Придя домой, Алтер увидел, что Эстер вся сияет, лицо ее светится радостью, и он сразу ожил.
— Вот это мне нравится! — сказал он, заглядывая ей в лицо и ласково улыбаясь. — Такой и должна быть женушка спустя три недели после свадьбы. Красивенькая! Так, так!
Эстер наскоро проглотила обед, давясь каждым куском, сидела как на иголках и, улучив подходящую минуту, снова убежала из дому.
С тех пор как Иоселе поправился и начал садиться в постели, от него не отступали ни на шаг. Друзья собирались вокруг него и все выспрашивали, как он себя чувствует и почему он все время кричал. Что он такое видел, что все говорил про птичек, про костел, о каких-то каретах, кошках и собаках? Но Иоселе ничего не отвечал. Был очень мрачен и смотрел каким-то странным, тупым взглядом.

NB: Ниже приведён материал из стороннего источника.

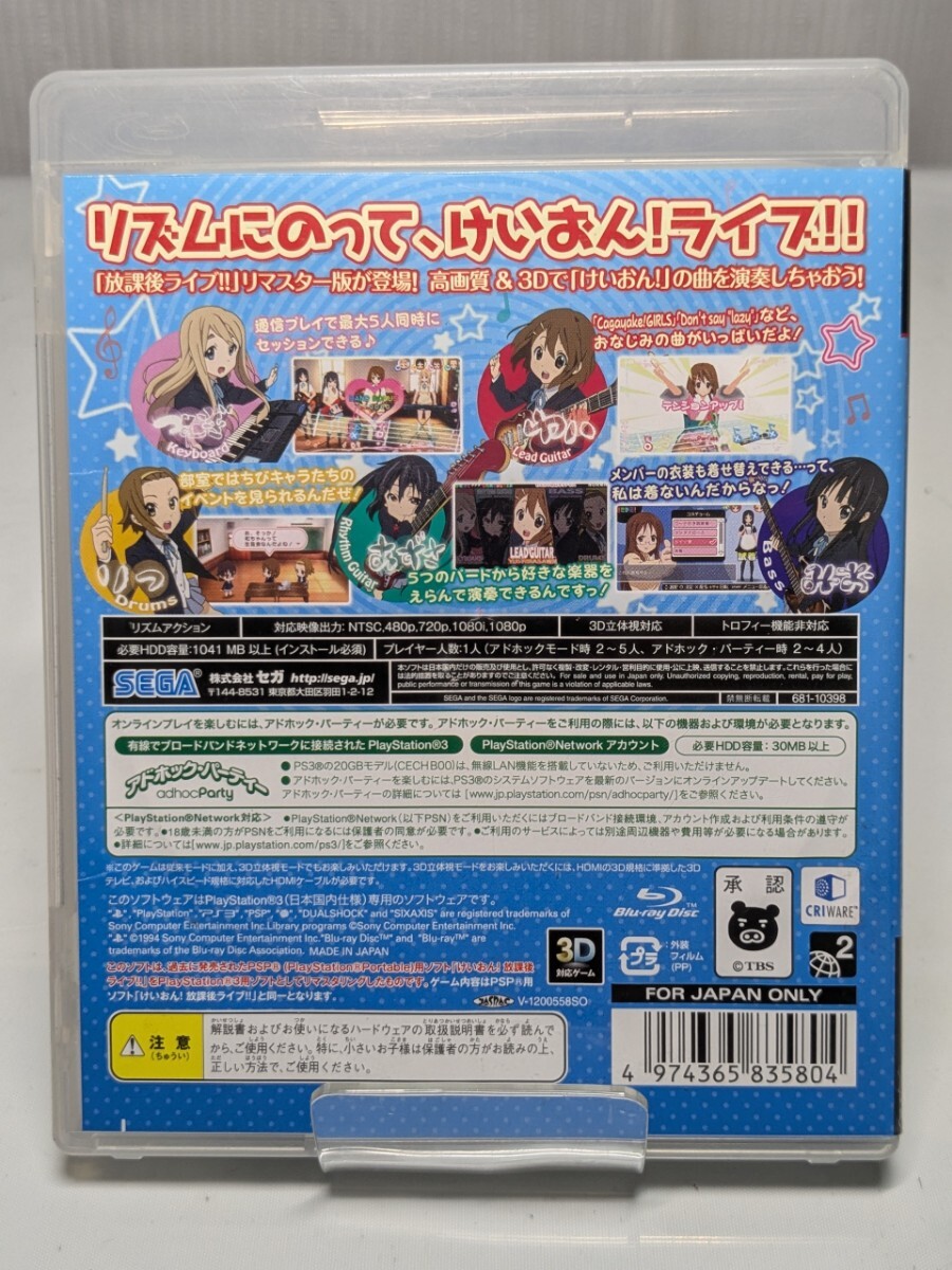 動作品 ソニー SONY プレイステーション3 ps3 ソフト けいおん! 放課後ライブ!! HD ver シール付き 中古品

— Оставьте его в покое! — бранился доктор и гнал всех прочь. — Оставьте его. Ему нужно «спокойствие», а вы морочите ему голову.
— Но что же мы особенного делаем? Только спрашиваем. Велика беда!

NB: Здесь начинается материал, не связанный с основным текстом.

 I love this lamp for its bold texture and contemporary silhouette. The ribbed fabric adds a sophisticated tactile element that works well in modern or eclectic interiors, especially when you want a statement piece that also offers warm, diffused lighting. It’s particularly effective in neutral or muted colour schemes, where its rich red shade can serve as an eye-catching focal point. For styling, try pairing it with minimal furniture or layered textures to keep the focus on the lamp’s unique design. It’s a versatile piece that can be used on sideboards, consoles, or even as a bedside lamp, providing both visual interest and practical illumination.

— Ну, что поделаешь с такими людьми! — сказал уже сердито Юдл. — Вот упрямцы! Ведь вам говорят, что ему нужно «спокойствие», ну, как, к примеру, роженице. Будете говорить с ним после. Дайте ему лучше что-нибудь в рот — стаканчик чаю, немного бульону, каплю молока или еще чего-нибудь.

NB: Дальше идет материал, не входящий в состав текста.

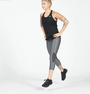 在弓箭步的基础上加入跳跃的动作,可以提升爆发力达到燃脂的效果。预备动作维持在弓箭步,接着跳起在空中换脚落下,落地时维持弓箭步姿势。
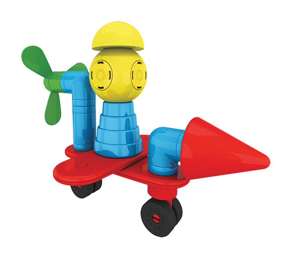 Состав набора включает 20 различных красочных конструкторских деталей, которые магнитно защелкиваются между собой, а при вращении соединенных деталей, создается эфект трещетки.

«Больной хочет есть!» Это была такая ошеломляющая новость, что все разом кинулись искать еду. «Что бы ему такое дать?» Канторша пошла по соседям занимать четверть курицы. Шмулик забегал по квартире, ища для больного что-нибудь повкусней. А Эстер помчалась к матери, разложила огонь в очаге и поставила варить бульон.
Стоя у шестка со сложенными на груди руками и глядя в пылающий огонь, вслушиваясь, как бурлит в горшке, Эстер замечталась. Ей припомнилось, как несколько лет назад она вот так стояла у шестка, а рядом с ней стоял Иоселе. Как все переменилось с той поры! Сколько за это время воды утекло, сколько дел переделано, сколько горя перенесла она за эти два с половиной года! Могла ли она тогда предположить во время разговора с Иоселе, что станет женой Алтера? Она припомнила, как Иоселе долго держал ее руку, крепко жал ее; на глазах у него блестели слезы, и он поклялся, что вечно будет все тот же. «Вечно тот же? — говорила себе Эстер. — Б-г знает! Б-г знает!» С тех пор как Иоселе приехал, она лишь теперь впервые задумалась над поведением Иоселе, над его поступками. Ни о чем другом не думалось ей до сих пор, как только о его болезни. Голова была занята лишь одним: как чувствует себя Иоселе? Как протекает его болезнь? Что говорит доктор? Какая у Иоселе температура? Сколько еще пройдет времени, пока он начнет потеть? И так дальше и тому подобное. Словом, ею владела лишь одна мысль: Иоселе болен! Этого было достаточно, чтобы прогнать все остальное из головы, тем более, что и мать, и тетя Брайна, и тетя Ентл, и все другие бывалые люди говорили, что, если, не дай Б-г, вовремя не будет перелома и Иоселе не пропотеет, он пропал. Когда Эстер слышала такие речи, ей трудно становилось дышать, ее охватывал озноб, темнело в глазах. И как же она была счастлива, когда узнала, что больной потеет!
— Еще как потеет, как потеет! — сказал доктор Юдл. — Вот подождите и увидите, что значит потеть. Если у больного не сойдет три ведра поту, у меня это не называется потеть. Понимаете?